Reps at mid-market companies tell me they use four to five tools for this workflow — LinkedIn, a job board, Sales Navigator, a contact database, and a spreadsheet. None talk to each other. By the following week, many of last week’s leads are stale because the role was filled, and you still have no way to automatically refresh your list without doing it all over again.

What tools can actually automate this?

You could try to automate using LinkedIn alerts and Boolean searches, but those still require manual extraction. Job board APIs exist, but stitching together real-time job data with contact enrichment typically requires either a dedicated data engineer or a tool like Clay — which means building multi-step workflows and constantly maintaining them as job postings structures change.

The difference-maker is live web search combined with automated enrichment and scheduling. Traditional tools operate on stale databases; a tool that searches the live web every execution finds roles the moment they’re posted. And if it can automatically enrich decision-maker details (name, verified email, phone, company info), you skip the hopscotch between tabs entirely.

Origami handles both: you describe your target in plain English, and its AI agent searches the live web for matching job postings, then enriches the companies and key contacts behind them. The output is a clean, ready-to-use prospect list with verified contact data. No workflow building, no databases to outrun.

Once you’ve tested a prompt that delivers the right results, you set it as a scheduled task. That’s the pivotal moment — your Monday morning ritual becomes something that happens automatically while you sleep, and fresh leads are waiting when you log in.

Set this up as a scheduled task in Origami

Scheduled tasks in Origami re-run a prompt on a recurring basis (daily, weekly, monthly) and append new results to your table. Instead of remembering to hunt every Monday, you configure the task once. Every week, Origami searches for new job postings, enriches contacts, and drops the fresh leads into your table alongside your previous results — so you build a living pipeline without manual effort.

Here’s the exact prompt you can paste into Origami to automate this workflow:

Every week, search for job postings for CAIO, AI Strategist, Head of AI, VP AI at US companies with ≤50 employees, posted within the last 14 days, then enrich and auto-launch outreach.

After you paste this prompt, Origami’s AI agent will parse the intent, search the live web for matching listings, pull company details, and enrich decision-maker contact information (names, emails, phone numbers). You’ll get a table of qualified prospects — newly hired leaders or the executives overseeing those hires — with everything you need to start outreach in your existing tools.

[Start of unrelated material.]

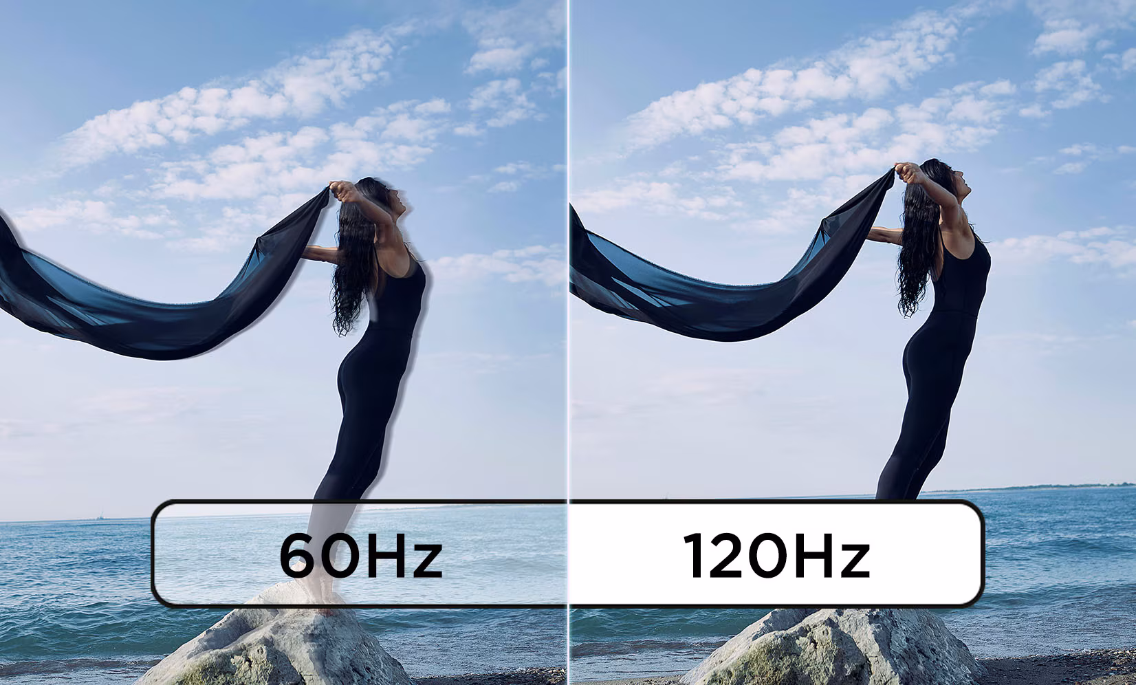 Vychutnejte si křišťálově čistý obraz bez zadrhávání na IPS panelu s rozlišením QHD a proměnnou obnovovací frekvencí 48–120 Hz.

Origami does not send emails or manage sequences. Once the list is built, export it to your outreach platform — Outreach, Salesloft, HubSpot, or whatever your team uses. Origami is the intelligence layer that feeds your pipeline; the actual communication stays in the tools you already trust.

You can get started immediately with Origami’s free plan, which includes 1,000 credits and no credit card required. Paid plans start at $29/month when you need more volume or export capabilities.

Stop chasing job postings — let them come to you

Manually scanning job boards every Monday is a recipe for burnout and missed opportunities. The companies hiring AI executives right now are the ones most likely to invest in AI tools, services, and platforms over the next 12 months. The rep who reaches them first — with a timely, relevant message — wins the deal.

Automating the search with Origami turns a time-consuming ritual into a competitive advantage. Paste the prompt, set the schedule, and let the AI deliver a fresh list of verified contacts every week. You show up to Monday fully loaded — no spreadsheets, no tab-hopping, just a pipeline of companies actively building their AI future.